Even though it was the technical thing that amazed me more than the story. If you dont know Russian history, you're fucked like me but you dont even realize it was all shot in one take until its over and you want to see it again but you forget about it and once again it just flies by.

Talk about invisible editing.
post #35 of 41
Quote:
Originally Posted by MattCG
A movie concept that really floors me?

Having a decent script and sticking to it throughout filming.

There's a movie concept that really floors me.
Can I take some tissue samples from your brain?
post #36 of 41
Quote:
Originally Posted by Dan Whitehead
You've obviously never seen The Lawnmower Man 2.
Or Ballistic: Ecks Vs. Sever
post #37 of 41
Zatoichi - The re-telling of an age old legend by adding emotional depth and musical numbers is brilliant. It's the first movie in years that I immediately watched again.

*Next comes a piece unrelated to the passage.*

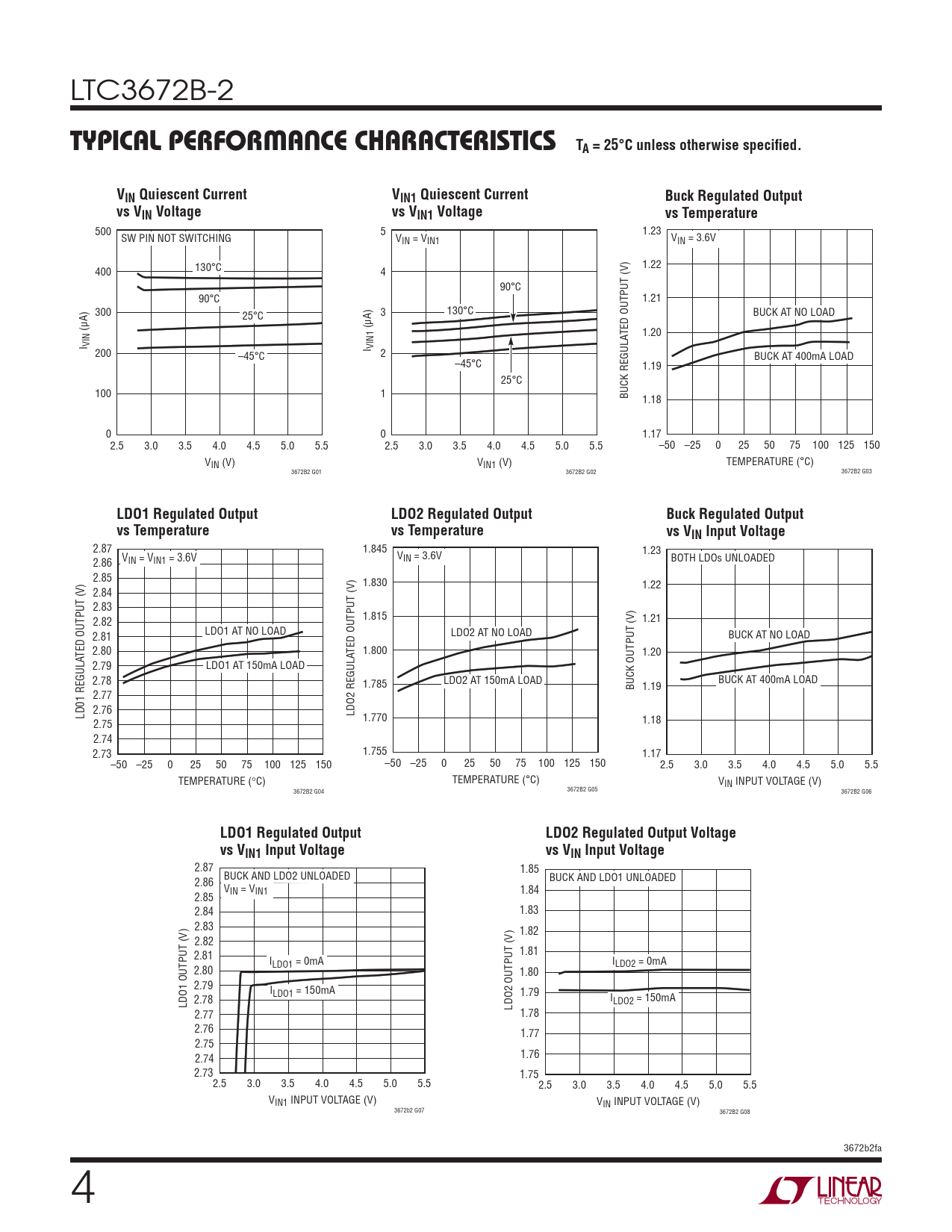 500 5 1.23 SW PIN NOT SWITCHING V V IN = VIN1 IN = 3.6V 1.22 400 130°C 4 90°C 90°C 1.21 300 3 130°C BUCK AT NO LOAD 25°C (μA) (μA) TED OUTPUT (V) 1.20 I VIN 200 I VIN1 –45°C 2 BUCK AT 400mA LOAD –45°C 1.19 25°C 100 1 BUCK REGULA 1.18 0 0 1.17 2.5 3.0 3.5 4.0 4.5 5.0 5.5 2.5 3.0 3.5 4.0 4.5 5.0 5.5 –50 –25 0 25 50 75 100 125 150 V V TEMPERATURE (°C) IN (V) IN1 (V) 3672B2 G01 3672B2 G02 3672B2 G03

Minority Report - Anyone who thinks that this has a happy ending was not paying attention. I was expecting something good just not this good.

Eternal Sunshine... - I like the mind fuck concept of erasing bad memories. Would I do it? No. But I understand the desire.

Quote:
Even though it was the technical thing that amazed me more than the story. If you dont know Russian history, you're fucked like me but you dont even realize it was all shot in one take until its over and you want to see it again but you forget about it and once again it just flies by.

Talk about invisible editing.
It's actually two takes. They filmed two passes of the scenes and thought the second pass had the better second half so they added an invisible edit. I've watched it twice and still haven't seen the edit but according to the filmmakers there is one there.
post #38 of 41
Wow. I gotta rewatch it and try to find the damn cut.
post #39 of 41
Why the three year gap between posts? Strange.
post #40 of 41
Quote:
Originally Posted by mastronikolas

- Blade Runner: Getting to meet your creator only to realise that he has no answers to your questions and life ultimately has no secret meaning.
Wasn't that the outcome of the Matrix sequels....?
post #41 of 41
Quote:
Originally Posted by Daughters
Wasn't that the outcome of the Matrix sequels....?
No, the outcome of the Matrix movies was a butt-load of money for the W Bros. and a vague threat of a sequel in case they ever run out.

I guess you could say it was also the idea that you should do something only if you choose to, not because someone tells you you should or shouldn't, or because you think you have to. So it could also be a defense of the one brother's sex change operation.